The intent of this blog is simply to share images of my paintings along with observations experienced while creating them.

My painting style is a contemporary pointillist form that allows me an endless exploration of the notion that nothing on the earth is solitary: everything is connected. Each image posted is a newly finished canvas.

I’ve been painting landscapes as I do for the last fifteen years or so. I left a career in the corporate world back then to paint and more and more follow this passion as a way of life. My paintings are popular: they find new homes quickly. People tell me they enjoy the colours and energy in the images but mostly they appreciate the meditative value in allowing themselves to wander through the dots.

As the artist, painting as I do is very meditative but the viewer is welcome to appreciate the images in response to what ever draws them in. I start a painting with a dot and end the painting with a dot: the process leads me into many places.

3 Responses to “About”

  1. Bonnie Says:

    Hello,
    Thanks for all your beautiful work – I have seen some of it at Second Cup in Edmonton – and appreciated much more here on the Blog.

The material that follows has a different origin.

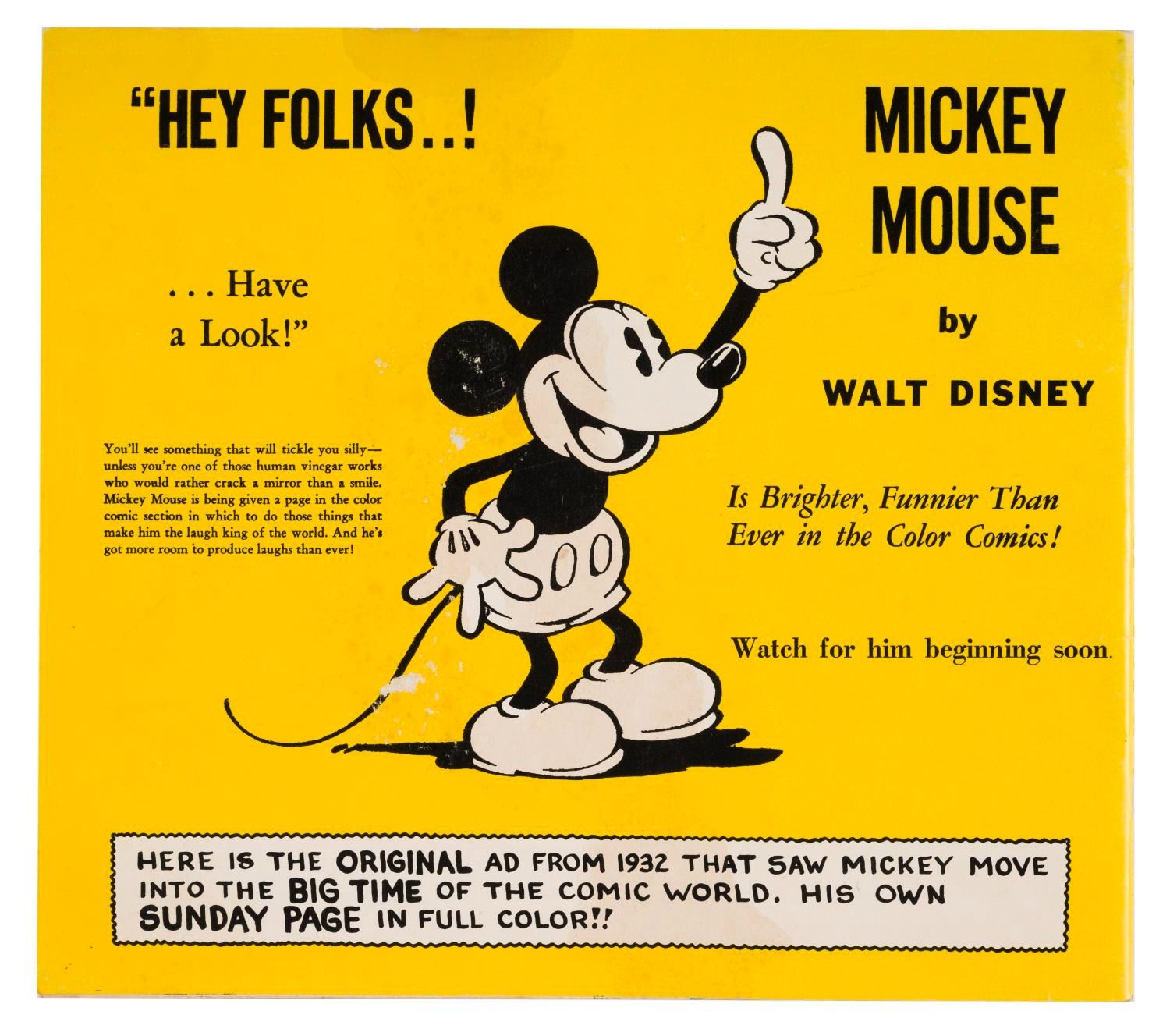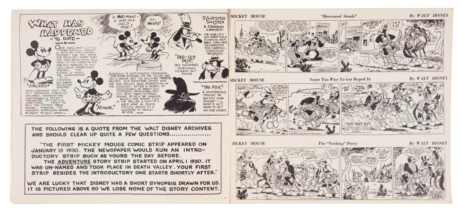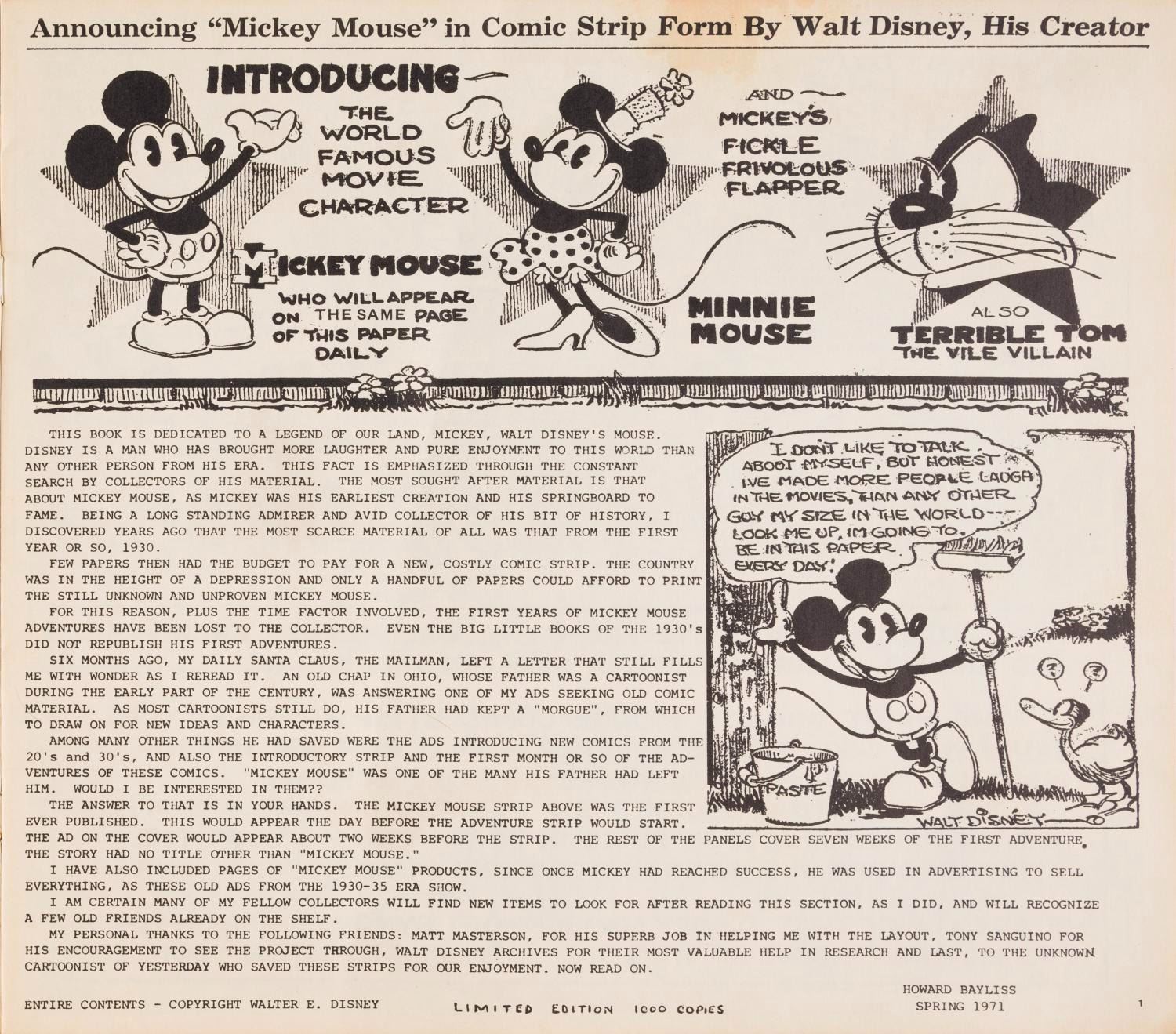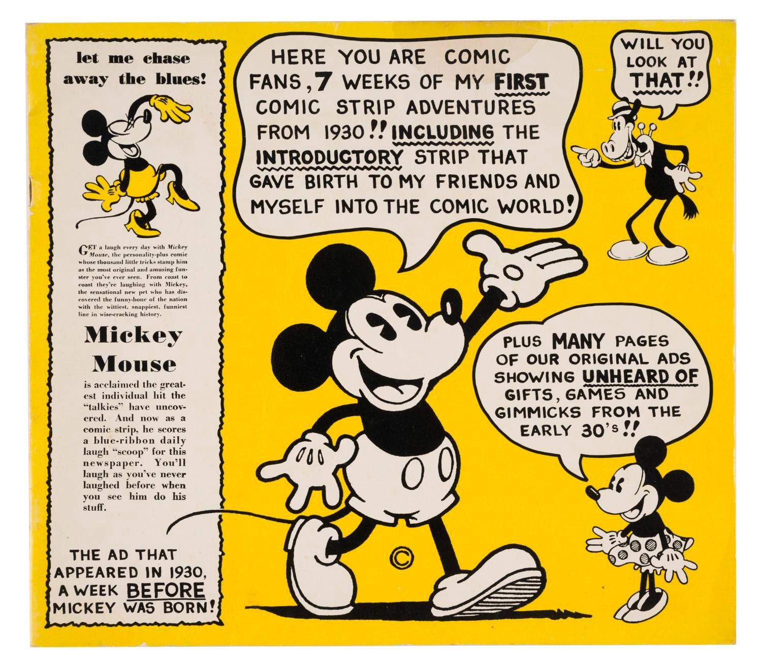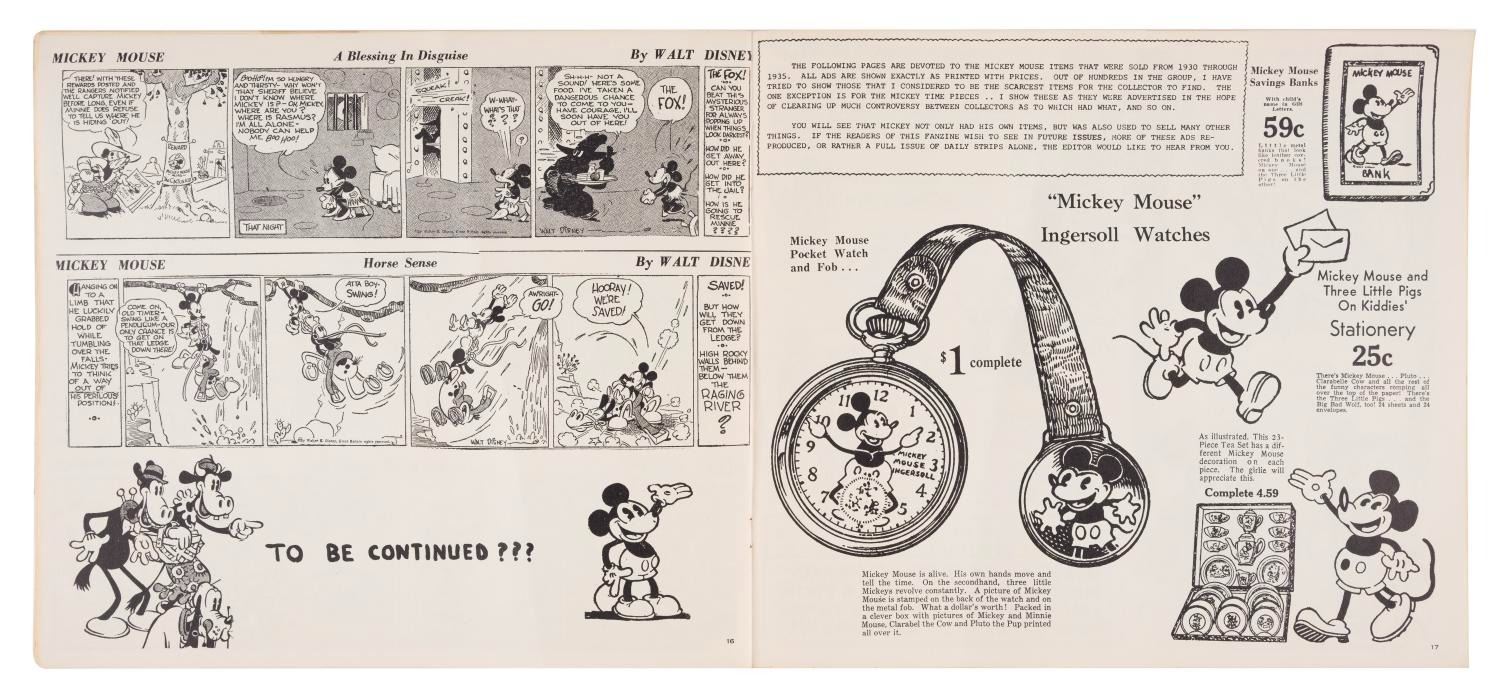 (Howard Bayliss, 1971) An early fanzine reprinting seven weeks of the early Mickey Mouse daily comic strip from 1930. Included are reproductions of advertisements for Mickey Mouse licensed merchandise of the era. Measuring 10.5" x 12", the fanzine is in good condition, with a vertical crease and a circle of water stain on the upper edge.

    We recently purchased your painting, “Caterpillar” – with the string of children walking across the street – at the Cops for Cancer fundraiser Gala and wondered if you could let us know any more about it.

    Thanks,
    Bonnie

    • dotpainter Says:

      Thanks and congratulations on “Caterpillar” finding you! This painting was an wonderful experience both in terms of the concept evolving on the canvas and for a visit I had while painting in a public place as I enjoy doing. The visit was from an entirely different group of pre-school pep[;e walking in “Caterpillar” fashion. As they walked by they came over to see what I was doing. Soon they recognized things and began asking if it was them in the painting. Of course it wasn’t but I quickly got them to suggest where they might be in the image by looking for the red sweater and the blue jacket, etc., they were wearing. Everyone had a turn and they left on their holding the rope adventure feeling quite satisfied.

  2. Ted Hewlett Says:

    Did you live in Surrey and attend Harold Bishop Elementary School as a boy?